One of the recent areas where I've been focused a lot is on technology, and specifically giving our frontline staff technology to either capture information from their interactions or even aid them in providing better services.

There's a constant discussion about whether technology reduces "the human touch" of service delivery.  Anyone who has been to the doctor and felt that he spent more time trying to enter information into the system than actually examine you will understand why this is a risk!
But what I've been hearing recently from several different visits around Bangladesh is that technology is extremely empowering.  Mastering technology builds confidence!


My colleagues and I took a tablet out the other day with a household survey in Bangla.  We showed it to some community health workers to get their feedback on the system.  While none of them had used a tablet before, after a few minutes of initial fear, they were pretty excited and already able to navigate the survey fairly easily.

Certainly there are a lot of technical considerations, but I think it's also worth thinking about the significant non-technical impact.  How does it change a woman's life to be one of the first in her community to use and understand a tablet?  How does it affect her children to see their mother mastering technology?  And how do these skills, which obviously then make it easier to imagine other uses of a tablet, such as online applications, open up new worlds of information?


Last week I went to visit Safesave, a very interesting organization set up on the basis on financial diary research, finding that the poor often did quite a bit of financial management but lacked good savings options.  Recently Safesave came under the BRAC umbrella, but its operations have remained largely the same.  Several years ago Safesave went digital--clients kept a passbook for their records, but Safesave's collectors did all their data entry into a smart phone during their door to door visits.  It's worked very well for them--it's brought an additional level of transparency and built-in monitoring that keeps operations running very smoothly.

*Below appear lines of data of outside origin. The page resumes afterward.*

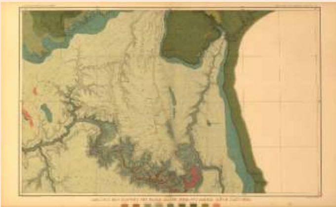
Atlas Sheet XXII

[Scale 1:250,000; colored] [Geology by C. E. Dutton]
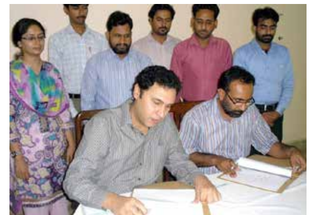
MoU with YES Network Pakistan
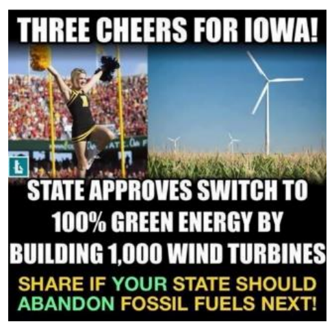
Figure 2. Left-Leaning Climate Change Meme (Meme 2)
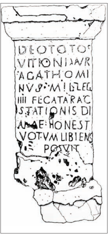
Fig. 2 Inscription from Djerdap Gorge (drawing after V. Kondić 1987)
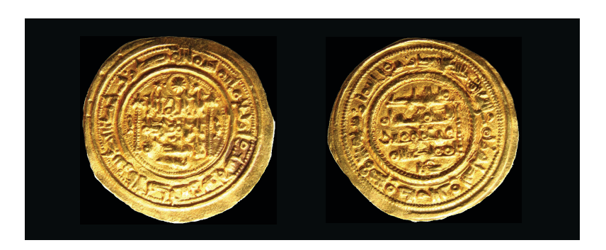
Figure 3. Type Ariza Pre9.3. Dinar, 406, al-Andalus. Tonegawa Collection.

issued in the name of Caliph Hishām [II]<sup>18</sup> (Fig. 3, 4, 5). To some, these issues are proof of the existence of the letter. To others, they are nothing but evidence of its fabrication. This is a central point in the matter of the much-discussed legitimacy of the Ḥammūdid caliphate.<sup>19</sup>
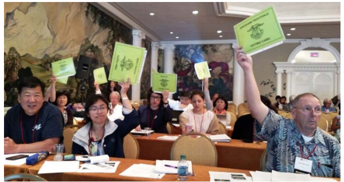
Pacific Northwest District voting on Resolutions

Willamette Heritage Center, 1313 Mill Street SE, Salem, Oregon
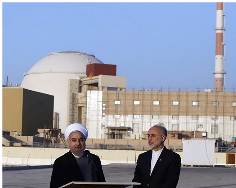
Iranian President Hassan Rouhani and Head of the Atomic Energy Organization of Iran (AEOI) Ali Akbar Salehi in Bushehr Nuclear Plant.

In the 1990s, Russia viewed the construction of the Bushehr Nuclear Power Plant with Iran as a means of reviving its nuclear industry. Numerous financial and technical setbacks on the completion of Bushehr complicated relations because Iran considered the delays political. In reality, the majority of the delays at Bushehr was due to complexity in integrating Russian-made technology with old German equipment that remained after Siemens abandoned the project during the Iran-Iraq War. For Russia, the completion of Bushehr was necessary for maintaining its business reputation in the broader civilian nuclear sector and for demonstrating that Russians could complete a technologically complex project. 19 Though Russia has defended Iran's right to the peaceful use of nuclear energy, Moscow considered the 2002 revelations of Iran's covert nuclear program, including uranium enrichment facilities in Natanz and weapon-grade plutonium production facilities in Arak, as a breach of trust. To protect business interests and to quell U.S. concerns, Russia reached an agreement with Iran to return spent fuel from Bushehr to Russia, which prevented the conversion of spent fuel into nuclear-grade plutonium. 20 Likewise, Russia lobbied for the exemption of civilian nuclear energy and existing cooperation in light-
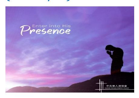
God's household is the church of the living God, the pillar and foundation of the truth. (1 Timothy 3:15b)
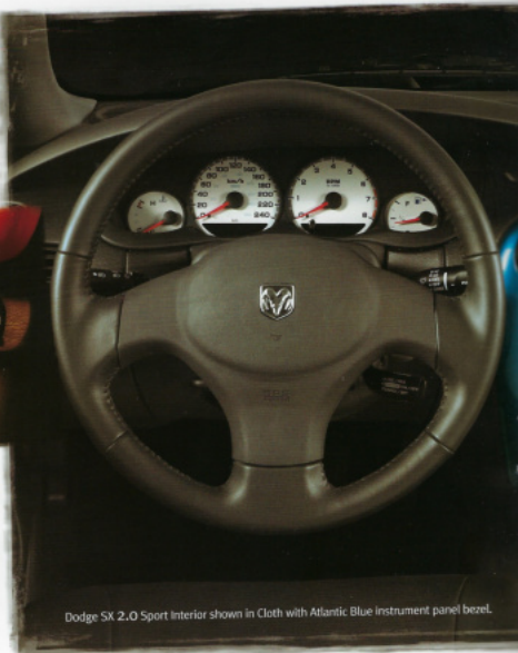
Dodge SX 2.0 Sport Interior shown in Cloth with Atlantic Blue instrument panel bezel.

One of the coolest vehicles on the road obviously deserves one of the best sound systems. That's why we loaded up SX 2.0 with a CD player and six speakers, plus we offer you an optional 6-disc in-dash CD changer. So, whether you listen to reggae or rock, the soundtrack for life's adventures will be as powerful and moving as the car you're driving.
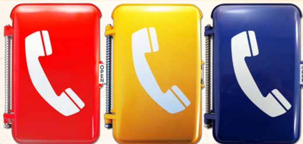
FIRE RED GENERAL INDUSTRIAL YELLOW BLUE

There is an enclosure to suit any product in the Dallas Delta standard range. The Sentry , the Sentinel and the compact sized CST are all (W130mm x H270mm). The enclosures below are designed to fit these product ranges
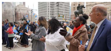
Spectators applaud the event.
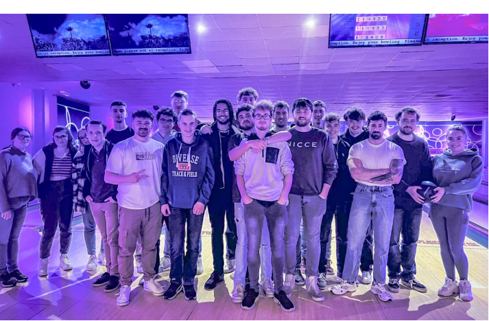
A selection of photographs from the first Republic of Ireland Centre aspirATion event in collaboration with ATU, Galway.
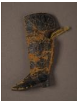
Textile: Miniature tall boot belonging to Charles S. Stratton (EL 1988.119.001)

I followed one of the collectors around a Dhaka slum in the afternoon.  She visits over 200 households a day to see if any want to deposit savings or make a payment on a loan.  The system is like second nature to her; she's able to navigate it rapidly.  At the end of the transaction, a Bangla screen pops up with the text, "You have made a deposit of X taka.  Your new balance is Y."  Theoretically, the client sees this screen and agrees with it.

In practice, many of the clients don't understand the technology, and some of the older clients have vision problems that make it difficult to read the numbers on the screen.  But the younger ones, like the young woman pictured above, study it carefully.  The Safesave collector when through the system with her, asking her to read the final page carefully.  The girl is already trusted with some of the family's finances because she's the most literate member of the family.  Now she's seeing technology everyday and learning about how to use it.

Technology is creating many new helpful tools for development, but one of its greatest potentials is to change how people see themselves and what they think is possible.  We shouldn't forget that in our calculations on the cost/benefits to bringing technology further and further into the grassroots.

Glad to see that some are getting started already; development partners need to get on board! Big kudos to Google for taking a bus around Bangladesh to literally bring the internet to 500,000 students across the country!!  Hope we can find ways to take this beyond university students in urban centers.